How long should one wait and watch whether to change the medicine or the potency? Before answering this question I will say that you should ask yourself why you want to wait and why you don’t want to wait. You must have proper reasons for that. What is to be taken into consideration is the totality, in the sense whether the man, in total, is coming out of the woods. Sometimes the medicine provides partial benefit but does not push the case forward and is given undue weight to wait more than is needed. You may have to change the medicine, sometimes many times a day, till the case stabilizes creating a condition for requiring no change for a long time.

(I) Need to Identify the drugs

There was a question: “If you say that practice according to R. H. is Present, Predominant and Persistent symptoms (mental state), then why do you talk of drug pictures as advocated according to Classical Homoeopathy?” The first answer to this is that R.H. is not simply to oppose any method but that it changes the emphasis where needed. We need to identify drugs as individuals, especially in those cases where P. P. P. has many drugs. For example, the rubric, “LIGHT, desire for” has many drugs, and unless we know their distinguishing features it will be difficult to identify the real indicated medicine. Obviously it makes the selection quick, easy and sure. In actual practice we have three ways of selecting a Revolutionized Homoeopathic remedy.

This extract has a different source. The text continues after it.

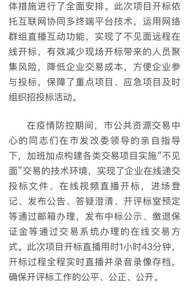 此次招標依托互聯(lián)網(wǎng)協(xié)同多終端平臺技術(shù),運用網(wǎng)絡(luò)群組直播互動功能,實現(xiàn)了“不見面”遠程在線開標,有效避免了人員聚集和交叉感染的風(fēng)險,同時降低了企業(yè)交易成本,方便企業(yè)參與投標。是疫情防控以來西安市公共資源交易中心首個恢復(fù)項目,在疫情防控的特殊時期,保障了我市重點、民生項目的順利推進,為我市發(fā)展電子化“不見面”招投標提供了寶貴的經(jīng)驗。
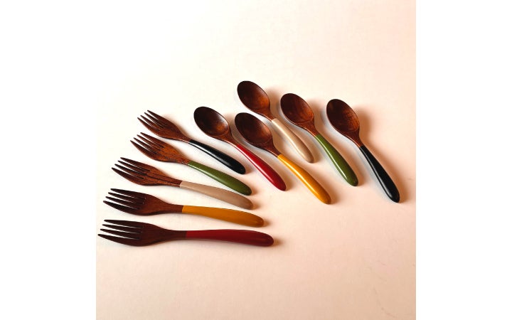 天然木のくりぬきのカップを個性あふれる6色の色漆で塗り分けに仕上げました。

Translating PPP expressions of a patient into the rubrics of mind

Comparing to other remedies sharing a common meaning conveyed by the single rubric, as stated above. As an individual, independent of any connection with other drugs, keeping in view its established and unchangeable disposition.

About the author

Madan Lal Sehgal

Dr. M. L. Sehgal took up homoeopathy as a hobby. It later was to become his passion and he conducted research to improve its effectiveness. His method of prescribing has been successful in treating many cases of both acute and Chronic ailments. In 1983, he founded Dr. Sehgal's School of Revolutionized Homoeopathy in India. He authored Rediscovery of Homoeopathy Series, volumes I- VIII - the last series IX co-authored by his sons, Dr.Sanjay sehgal and Dr.Yogesh Sehgal. These give a detailed insight into his method. Written Originally in English these volumes have been translated in other languages, namely German, Italian & Czech. There are dedicated followers of Dr. M. L. Sehgal's Method all over the world.

2 Comments

  • In fact the founder Dr Samuel Hahnemann said that the disease occurs in the spiritual, mental, and physical, i that order. He laid utmost stress on mental symptoms. It was carried forward through the monumental repertory work of Dr J.T.Kent, where he stressed the highest weightage tobe given to mental symptoms. Dr Madal Lal Sehgal’s Revolutionised Homoepathy further builds and expands on it. Let us agree that “mental state” is the most common and characteristic of remedies, the physical manifestation varies greatly with individuals as there are numerous possible variations that may be caused by a remedy (or a disease). And hence the importance and success of the Revolutionised Homeopathy.

    The practical problem is the efficiency/effectiveness of a doctor in correctly capturing the PPP of the revolutionised homeopathy, and this leads to prolonged treatment and frequent visits, and the patient has to pay for every (un)successful selection of the ‘right’ remedy for the patient.

    Homeopathic doctors must find an ethical solution to this problem.

  • Dr. Sehgal’s Revolutionised Homoeopathy is a very innovative approach of prescribing correct Homoeopathic Remedy for radical cure. However, in day to day clinical practice it may be difficult to use this method in every case successfully. But despite this difficulty, we must remain grateful to Dr. M. L. Sehgal for his wonderful contribution to Homoeopathy.